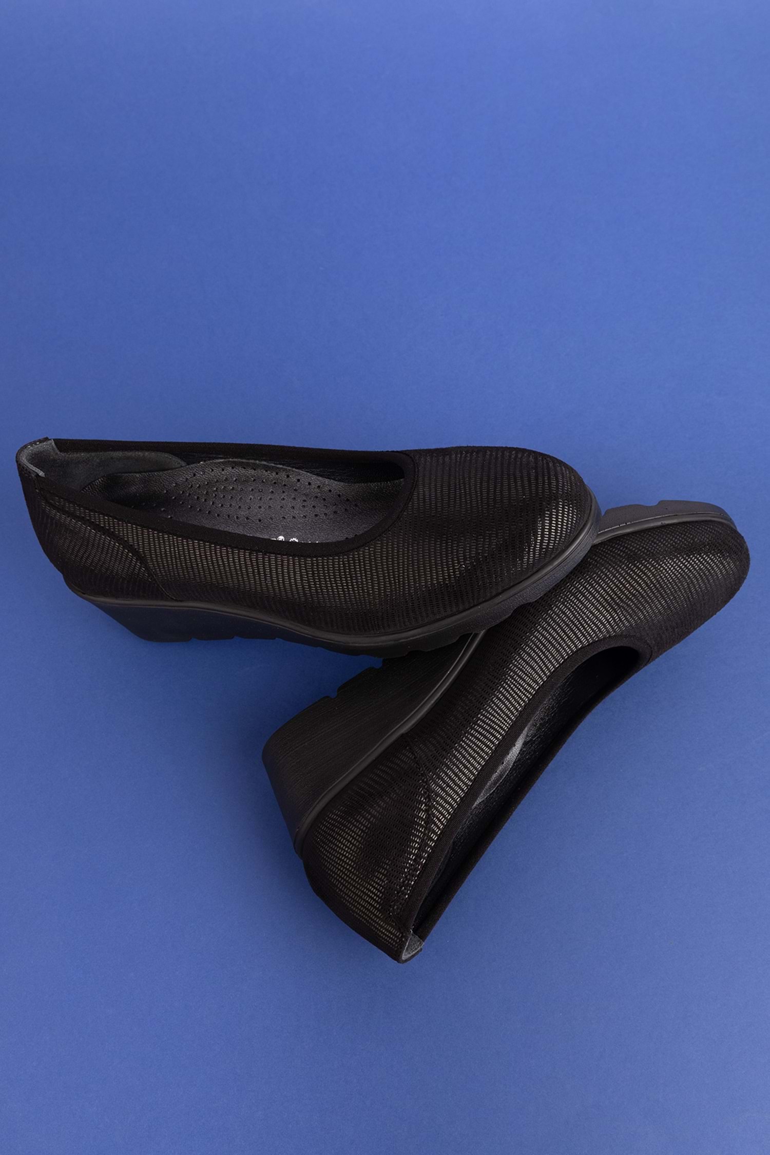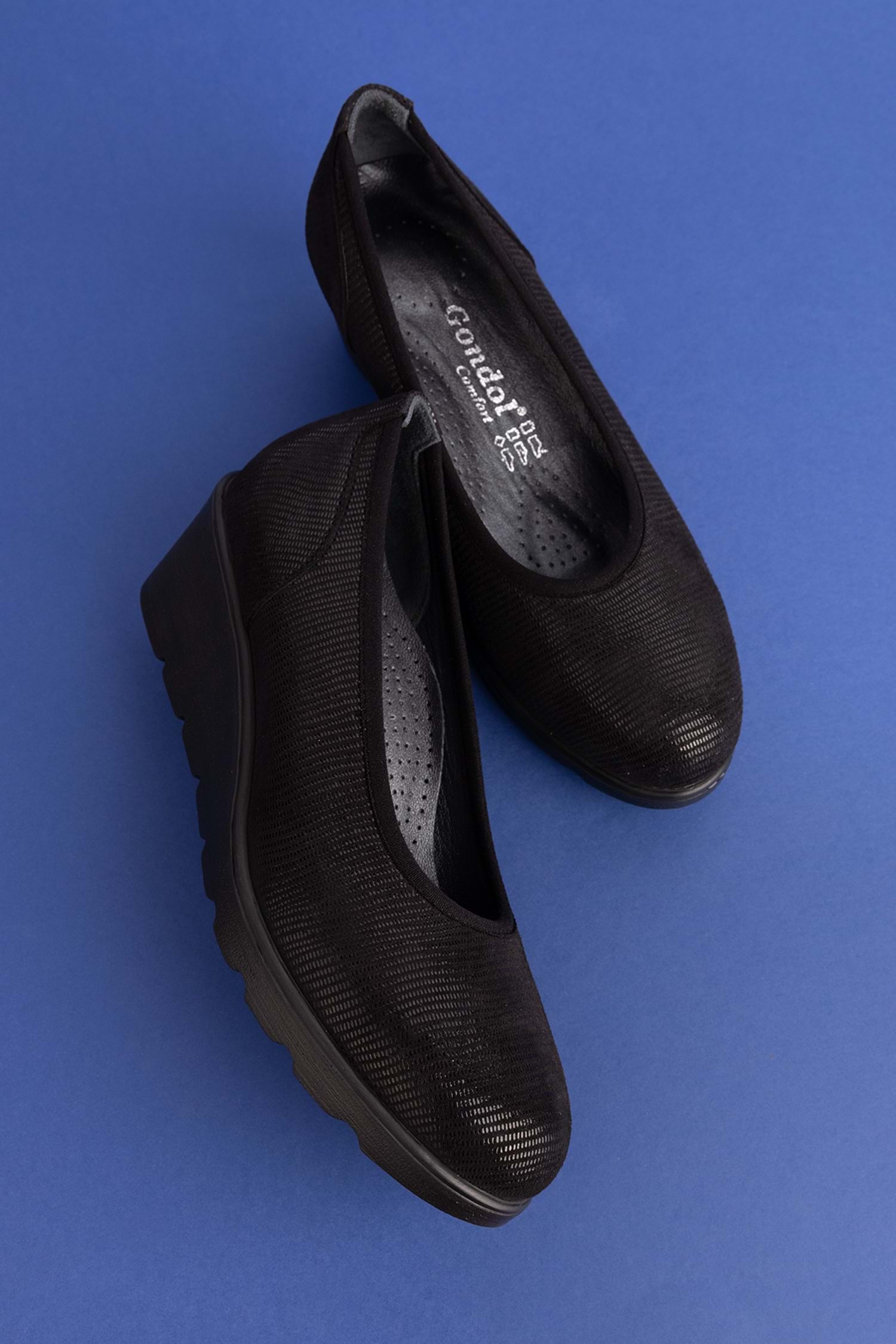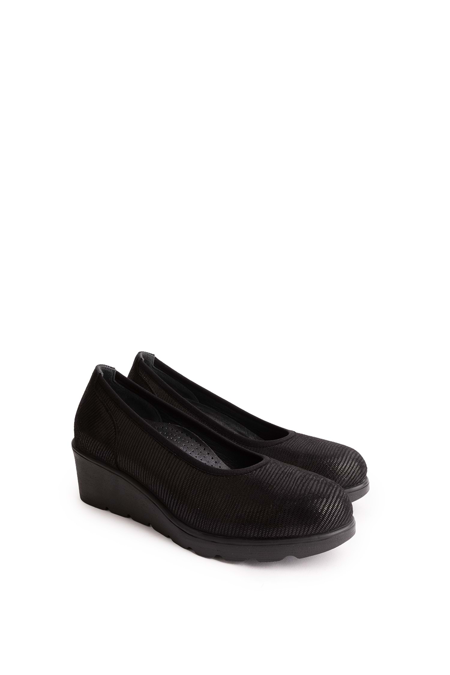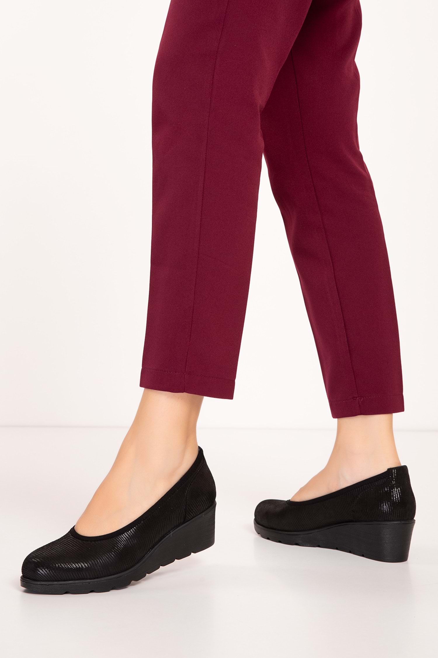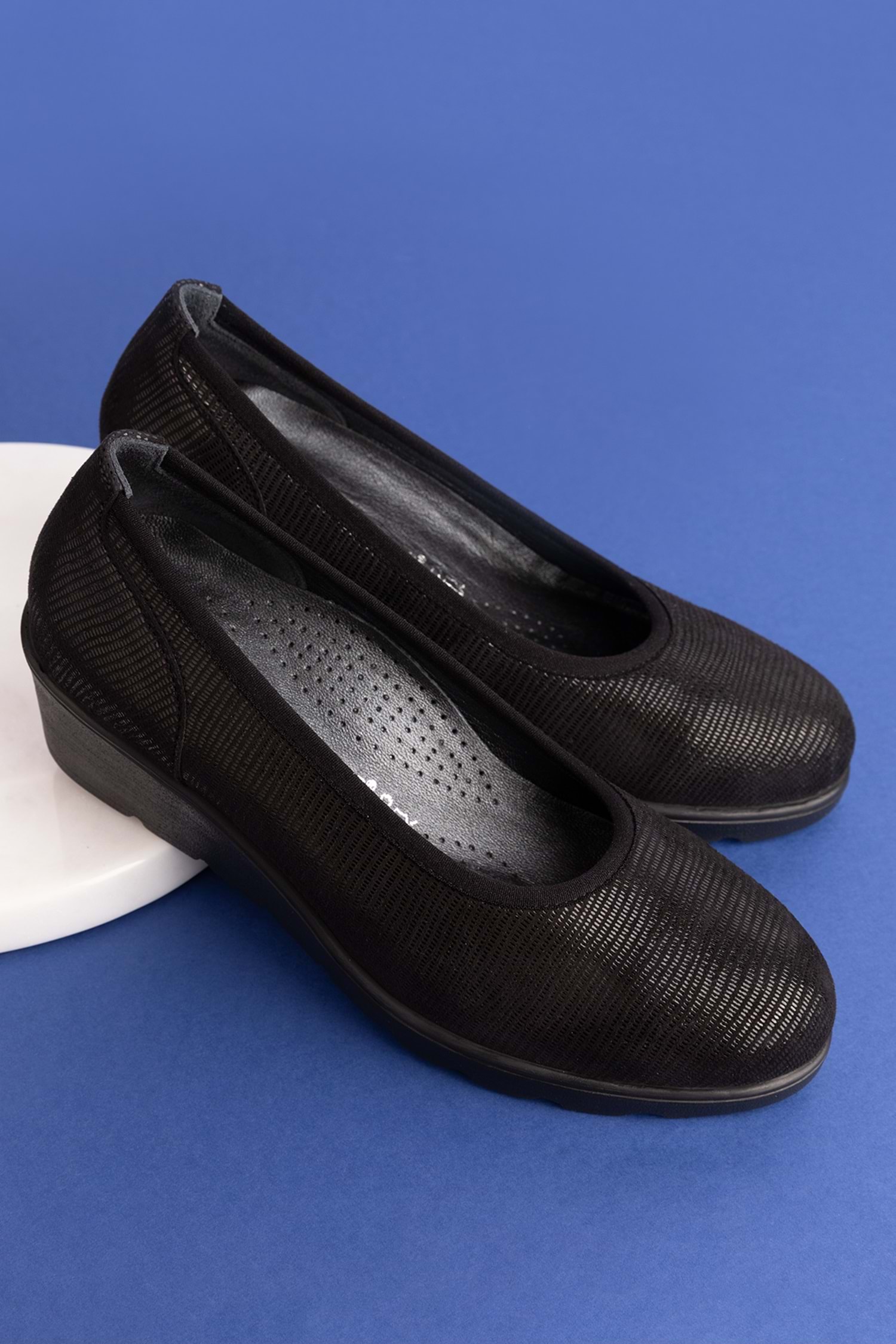 Gondol Hakiki Deri Dolgu Topuk Günlük Anne Ayakkabı ell.6806 - Siyah İguana - 36
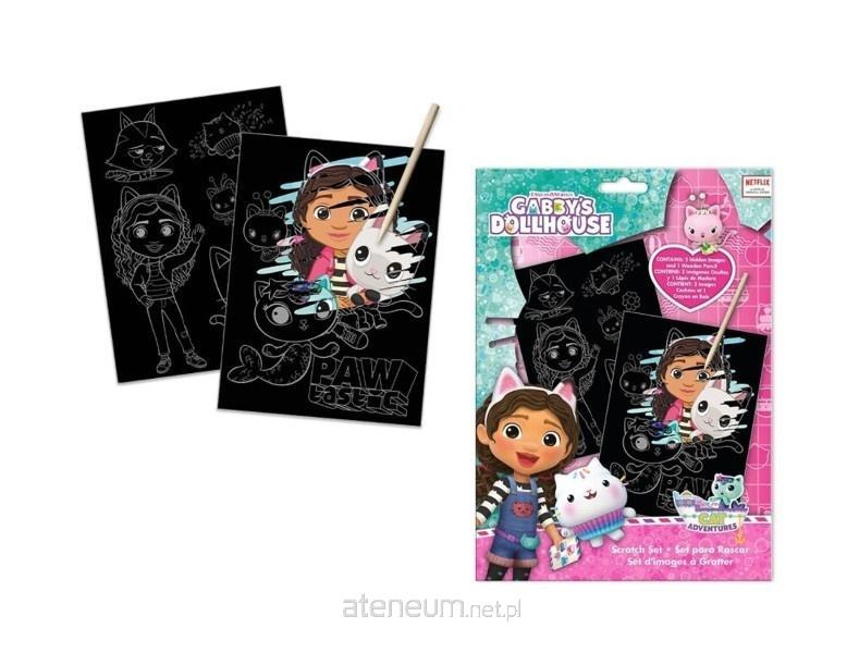 Zestaw kreatywny z ulubionymi bohaterami serialu Gabby's Dollhouse. Zawartość: 2 obrazki do wydrapywania, patyczek.
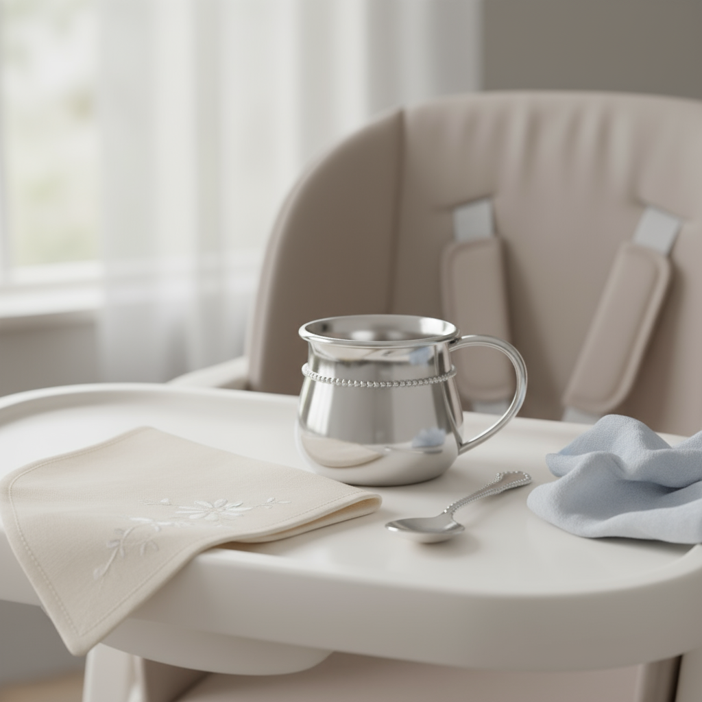 Beaded Bulge Cup with Plain Handle-Engraveable

### PROBLEM REQUIREMENTS
The answer must consist solely of the lines from the line containing "Zestaw kreatywny z" to the end of the data, reproduced exactly, with every picture left out.

### OUTPUT BELOW
 Zestaw kreatywny z ulubionymi bohaterami serialu Gabby's Dollhouse. Zawartość: 2 obrazki do wydrapywania, patyczek.
 Beaded Bulge Cup with Plain Handle-Engraveable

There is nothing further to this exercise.